Communicating an information signal across distance requires some form of pathway or medium. These pathways, called communication channels, use two types of media: Transmission line (e.g. twisted-pair, coaxial, and fiber-optic cable) and broadcast (e.g. microwave, satellite, radio, and infrared).
In information theory, a channel refers to a theoretical channel model with certain error characteristics. In this more general view, a storage device is also a communication channel, which can be sent to (written) and received from (reading) and allows communication of an information signal across time.
Examples
Examples of communications channels include:
- A connection between initiating and terminating communication endpoints of a telecommunication circuit.
- A single path provided by a transmission medium via either
- physical separation, such as by multipair cable or
- separation, such as by frequency-division or time-division multiplexing.
- A path for conveying electrical or electromagnetic signals, usually distinguished from other parallel paths.

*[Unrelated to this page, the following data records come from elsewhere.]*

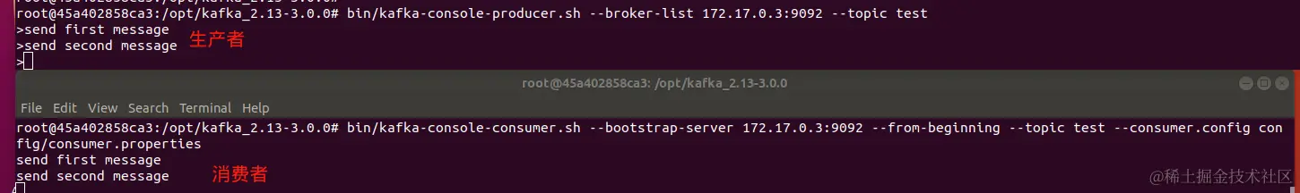 bin/kafka-console-consumer.sh --bootstrap-server 172.17.0.3:9092 --from-beginning --topic test --consumer.config config/consumer.properties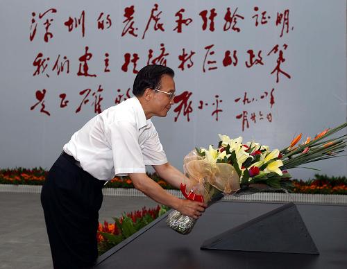 8月21日,溫家寶專程來到深圳博物館參觀《改革開放總設(shè)計(jì)師鄧小平》大型展覽。這是溫家寶參觀展覽前向鄧小平同志塑像獻(xiàn)花。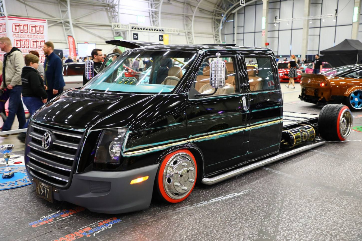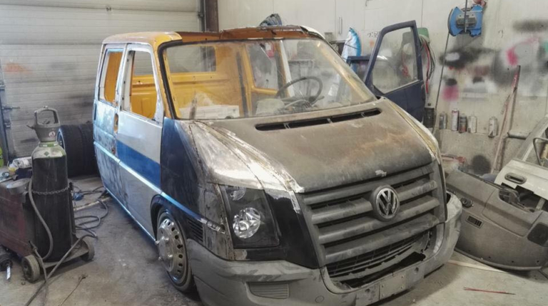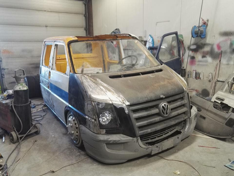 А вот, что с этим автомобилем произошло дальше, можно только подивиться, если посмотреть на фото. Носовая часть, включая решетку радиатора, фары, капот и бампер, были демонтированы. А на их место водрузили кузовные элементы от старшего брата Transporter – фургона Volkswagen Crafter. Интересно, что передние крылья оставили «транспортеровские», только немного их видоизменили.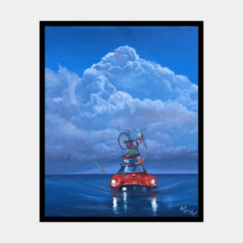 Lolos malerier er visuelt slående – ofte med dramatiske skyformationer, mættede farver og et nærmest filmisk lys. Hans motiver rummer både skønhed og forfald – fra forladte objekter, der synker i vandet, til menneskets forsøg på at navigere en verden i forandring. 🌍🎨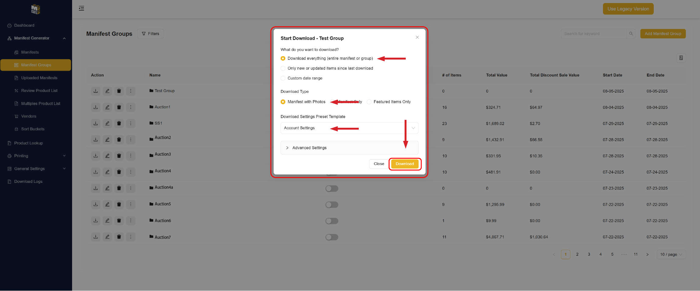 This is a step by step process for downloading a Manifest Group for uploading onto your desired sales platform.
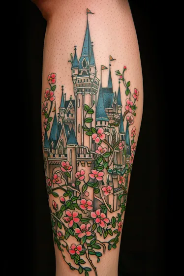 I seriously can t get over how magical this piece looks. It feels like something straight out of a storybook, but right there on skin. The blue tones of the castle against the warm pinks of the flowers? Total color goals. And the way the floral vines wrap so naturally around the castle gives it a secret garden vibe I m completely obsessed with. If you re into that soft, elegant fairytale aesthetic, this is the kind of tattoo that will make your inner princess squeal.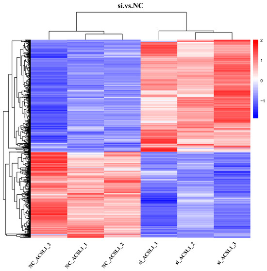 Figure 4. Heatmap of differential protein clustering of DEPs in NC-treated group vs. si-treated group. Red represents upregulation; blue represents downregulation; vertical is the clustering of samples; horizontal is the protein clustering; the shorter the clustering branches, the higher the similarity; the vertical clustering shows the expression pattern of the protein content between the sample clustering.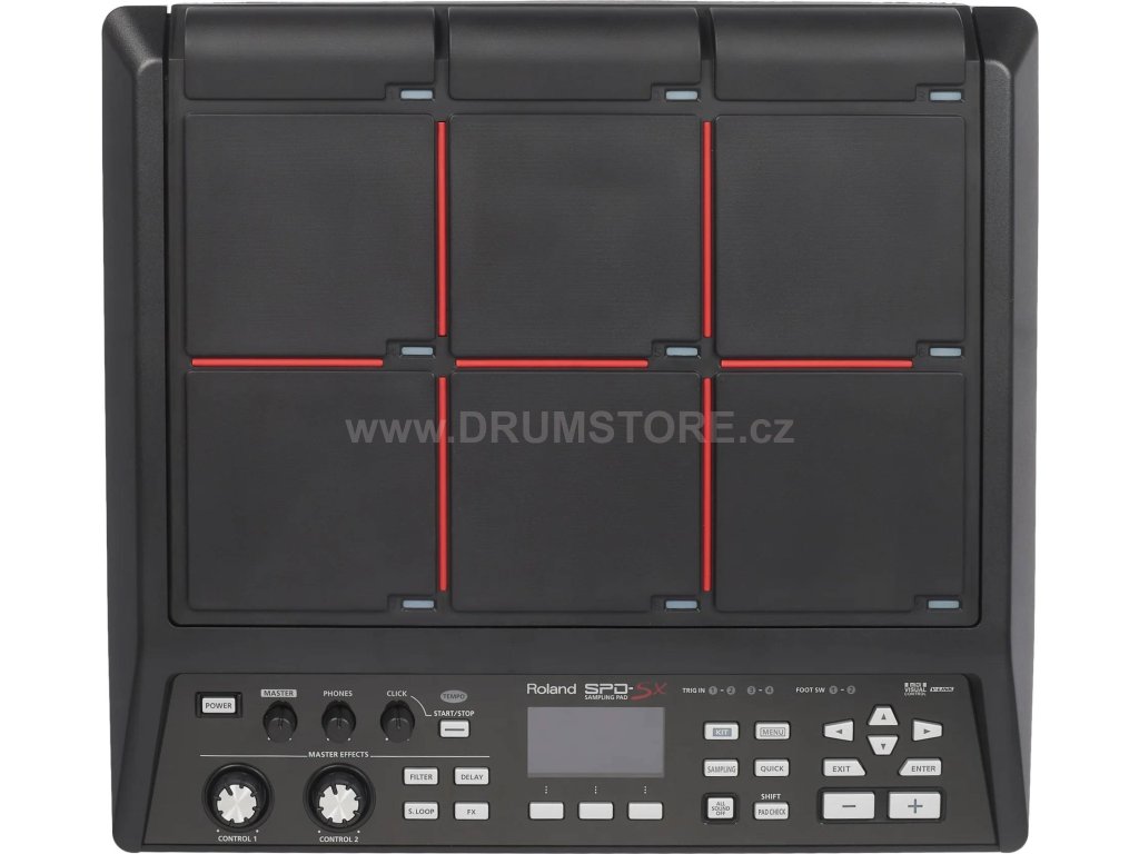 SPD-SX je vybaven devíti vysoce citlivými gumovými pady se dvěma nezávislými ovládacími knoby a čtyřmi speciálními tlačítky efektů. Nejpokročilejší trigger technologie Roland zaručuje dokonalou přesnost a plný dynamický rozsah, na velkém podsvíceném LCD displeji snadno přečtete data v jakémkoliv prostředí, kde hrajete. Každý pad má svou LEDku, která vyznačuje aktuální stav padu. Když spouštíte fráze samplu, svítí ty LEDky, jejichž pady hrají, ostatní ne. Kromě toho LEDky mění intenzitu podsvícení podle aktuální úrovně audio signálu (podobně jako je tomu na stupnicích mixpultu). Vysoce kontrastní červená dělicí čára pomáhá rozeznat zóny padu i na ztemnělém pódiu.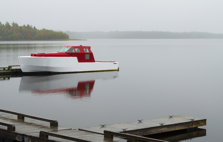 Boat Docked Beside New Brunswick Shore on a Foggy Autumn Day #216

- A data storage device which can communicate a message over time.[1]
- The portion of a storage medium, such as a track or band, that is accessible to a given reading or writing station or head.
- A buffer from which messages can be put and got.
- In a communications system, the physical or logical link that connects a data source to a data sink.
- A specific radio frequency, pair or band of frequencies, usually named with a letter, number, or codeword, and often allocated by international agreement, for example:
- Marine VHF radio uses some 88 channels in the VHF band for two-way FM voice communication. Channel 16, for example, is 156.800 MHz. In the US, seven additional channels, WX1 - WX7, are allocated for weather broadcasts.
- Television channels such as North American TV Channel 2 at 55.25 MHz, Channel 13 at 211.25 MHz. Each channel is 6 MHz wide. This was based on the bandwidth required by analog television signals. Since 2006, television broadcasting has switched to digital modulation (digital television) which uses image compression to transmit a television signal in a much smaller bandwidth, so each of these physical channels has been divided into multiple virtual channels each carrying a DTV channel.
- Original Wi-Fi uses 13 channels in the ISM bands from 2412 MHz to 2484 MHz in 5 MHz steps.
- The radio channel between an amateur radio repeater and a amateur radio operator uses two frequencies often 600 kHz (0.6 MHz) apart. For example, a repeater that transmits on 146.94 MHz typically listens for a ham transmitting on 146.34 MHz.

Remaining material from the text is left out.